■ **Assignment**
Lines from the one with "Mochila negra de" to the end of the material, both included: print them exactly and print nothing else. Omit the pictures.

■ **Data**
---*---

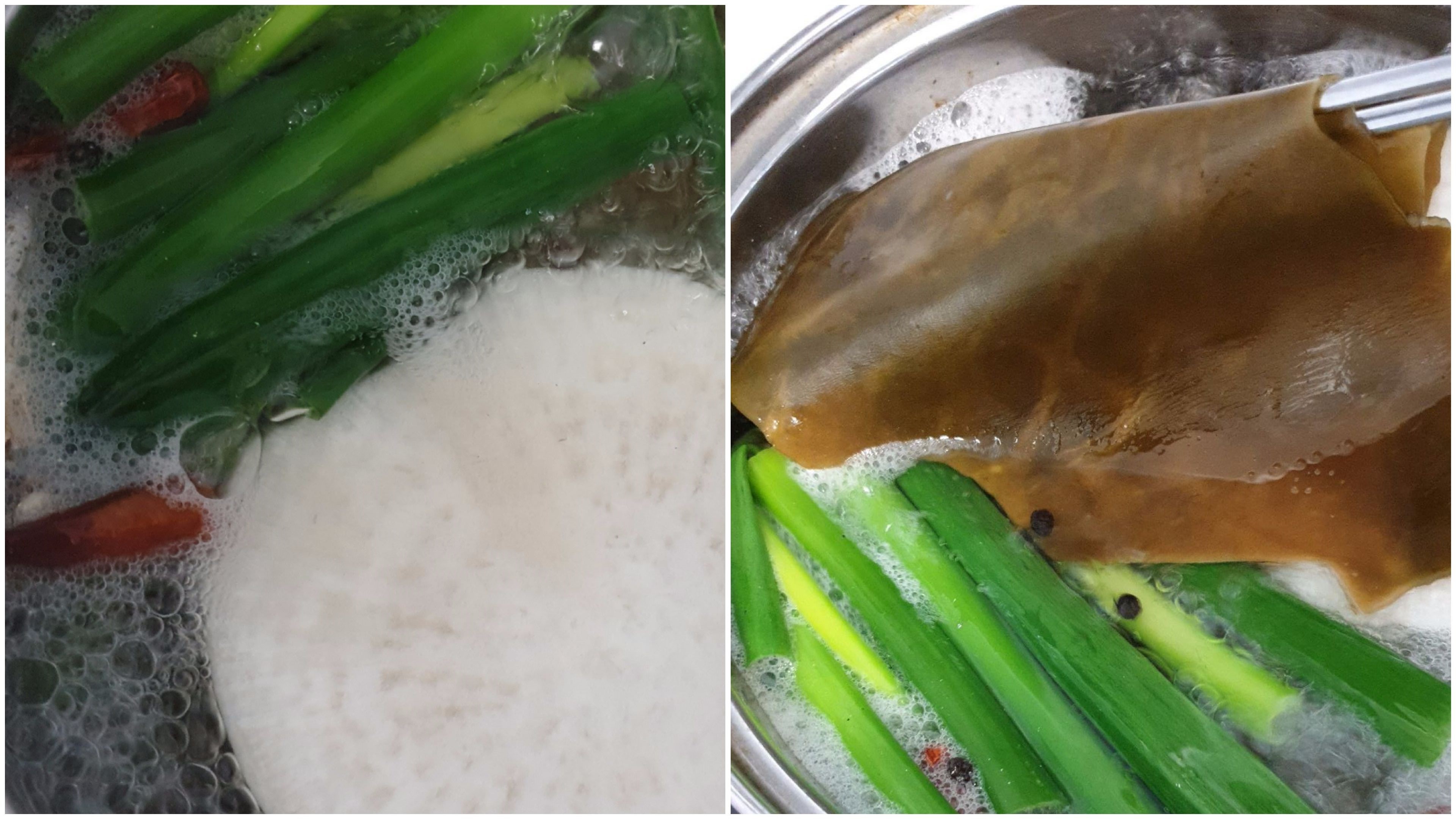 무는 조금 두껍게 썰어 넣고 다시마도 큼직하게 잘라 넣어 주세요
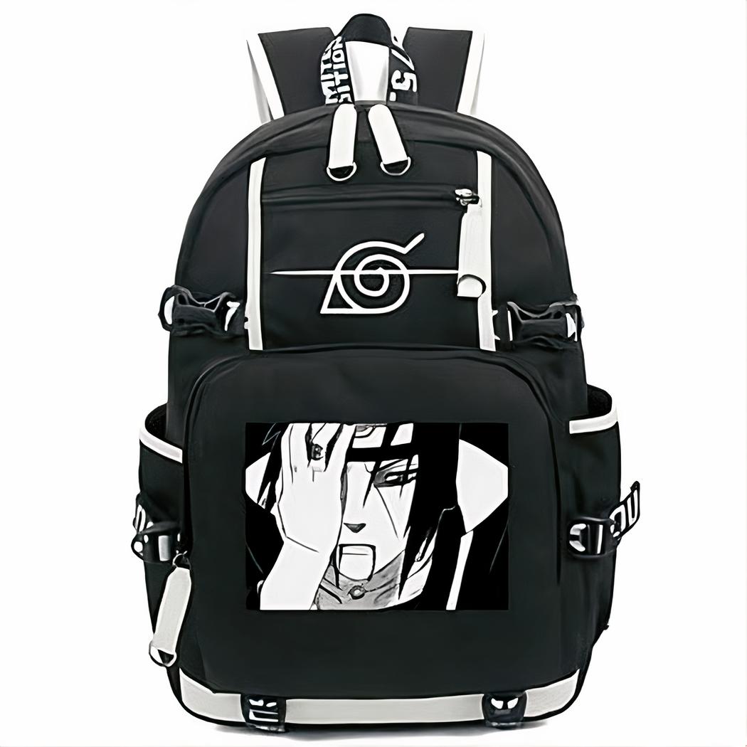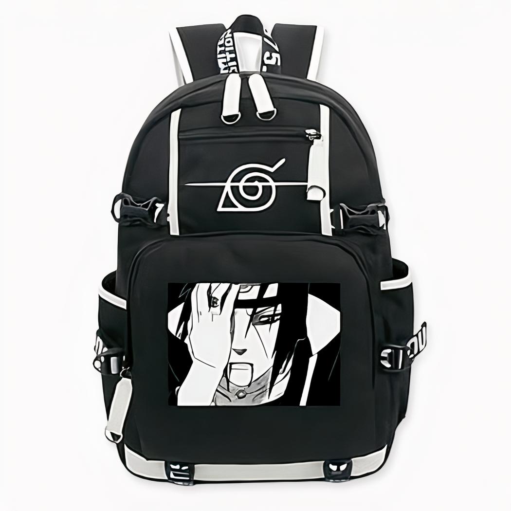 Mochila negra de Naruto con motivo de Itachi Uchiwa
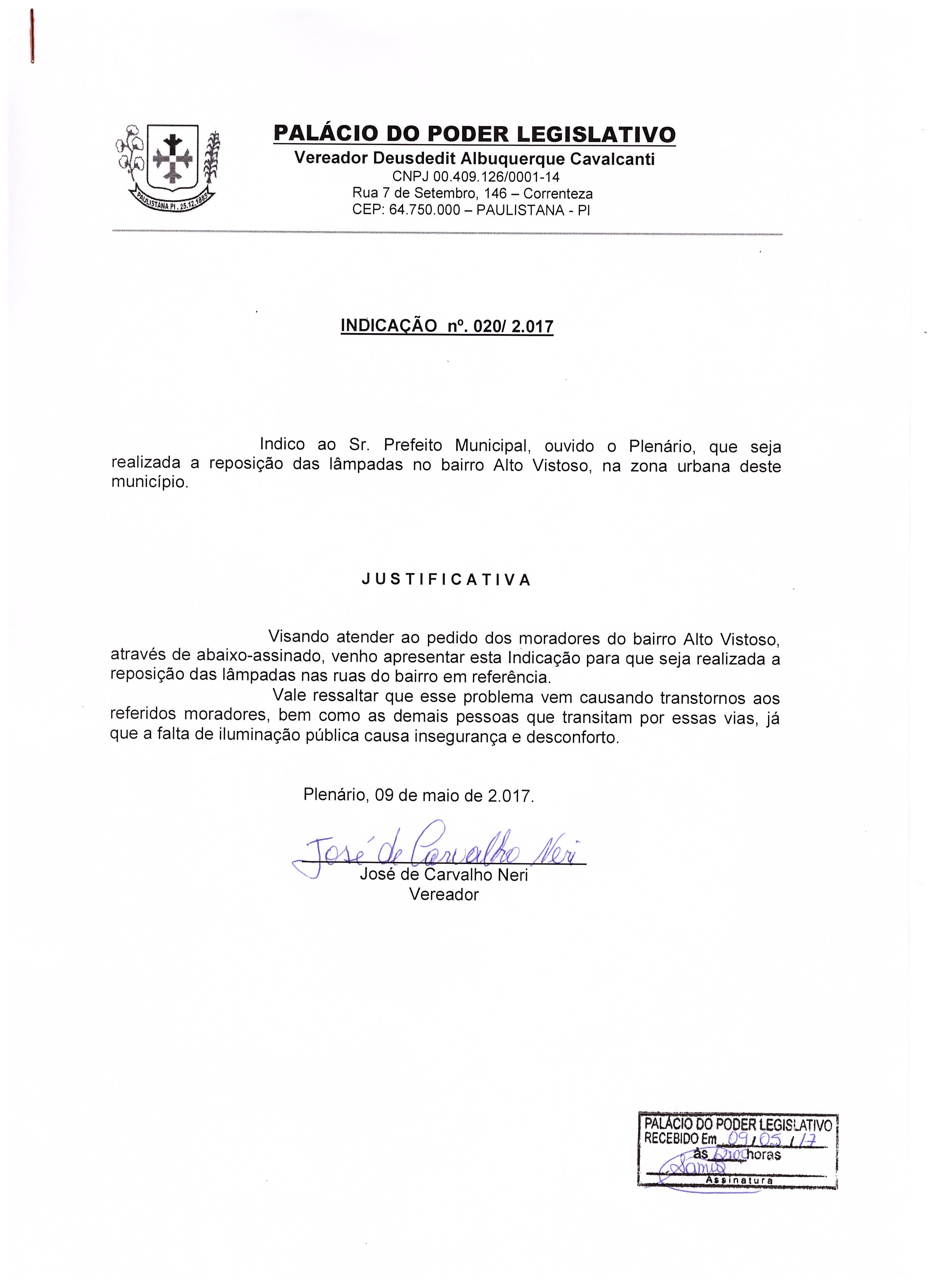 Confira a indicação nº 020/2017 de autoria do Vereador José de Carvalho Neri (PTB).

---*---

■ **Exercise answer**
 Mochila negra de Naruto con motivo de Itachi Uchiwa
 Confira a indicação nº 020/2017 de autoria do Vereador José de Carvalho Neri (PTB).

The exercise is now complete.